If pictures are present, leave them out, and copy the data word for word.

Dataset section
☆ ☆ ☆ ☆ ☆ ☆ ☆

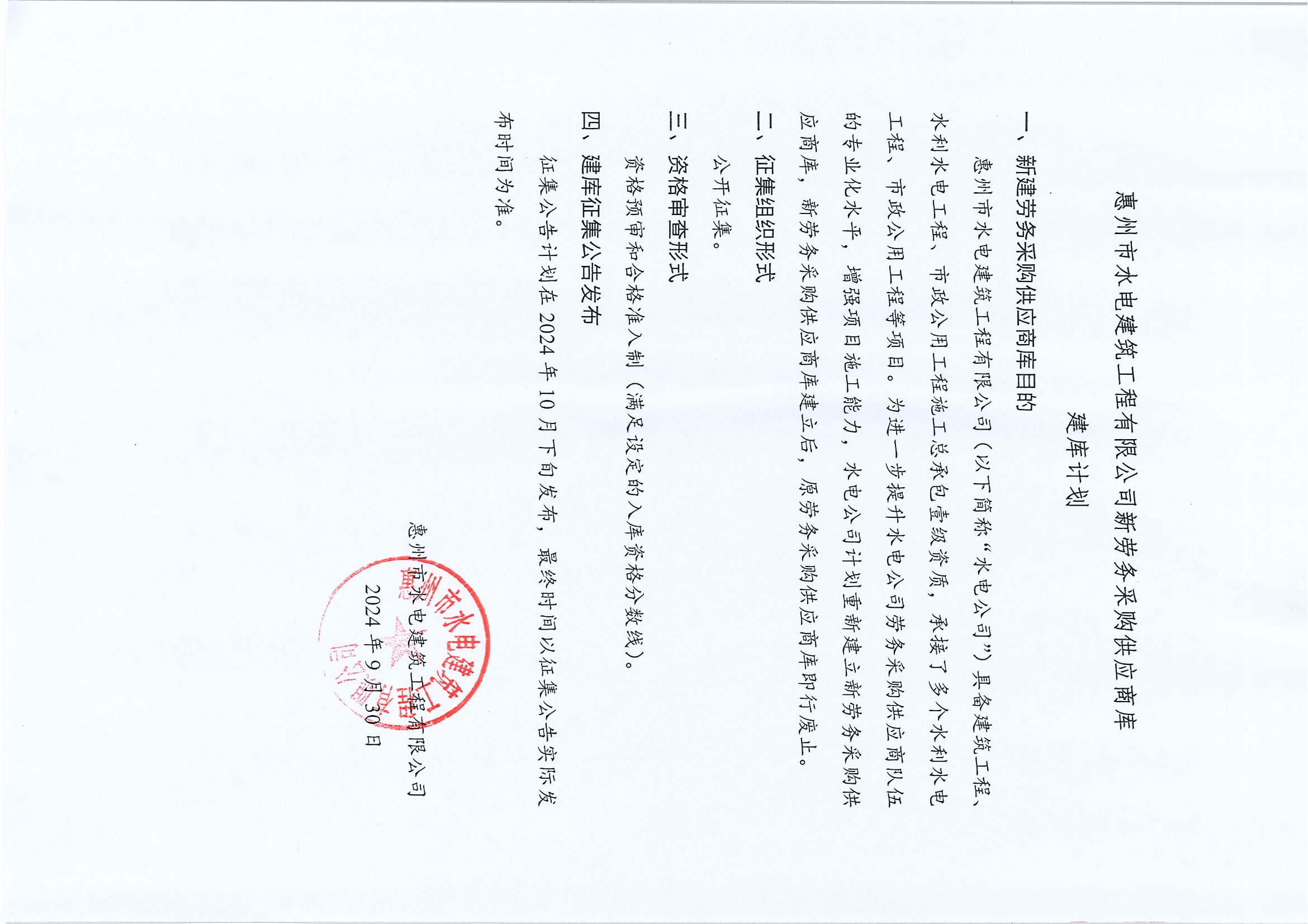 惠州市水電建筑工程有限公司新勞務(wù)采購供應(yīng)商庫建庫計劃
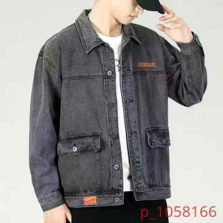 牛仔夹克男外套夏季新款宽松休闲大码干活防晒多口袋刺绣牛仔上衣,(注有问...
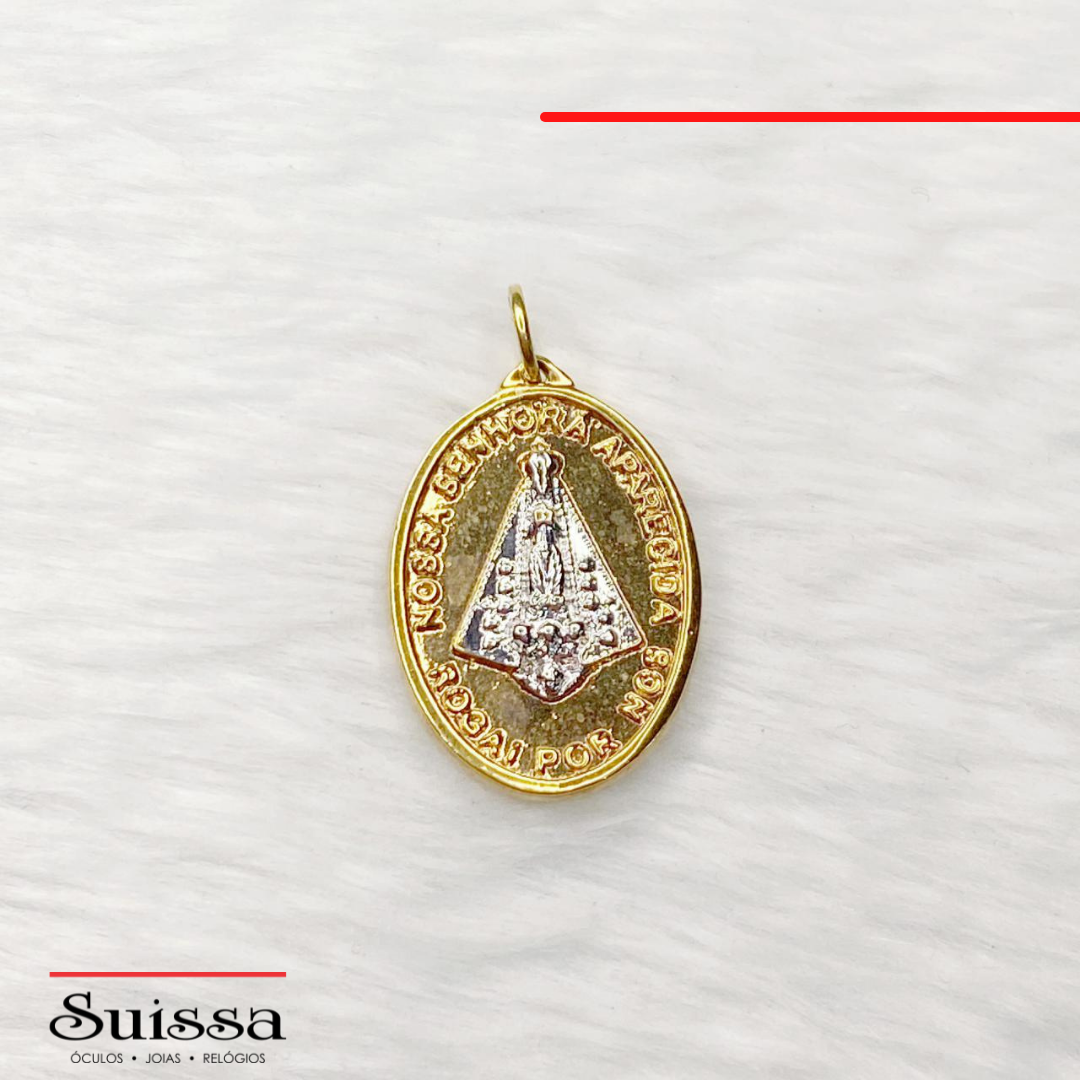Pingente Oval Semijoia Folheado a Ouro - Nossa Senhora Aparecida

☆ ☆ ☆ ☆ ☆ ☆ ☆

Solution
 惠州市水電建筑工程有限公司新勞務(wù)采購供應(yīng)商庫建庫計劃
 牛仔夹克男外套夏季新款宽松休闲大码干活防晒多口袋刺绣牛仔上衣,(注有问...
Pingente Oval Semijoia Folheado a Ouro - Nossa Senhora Aparecida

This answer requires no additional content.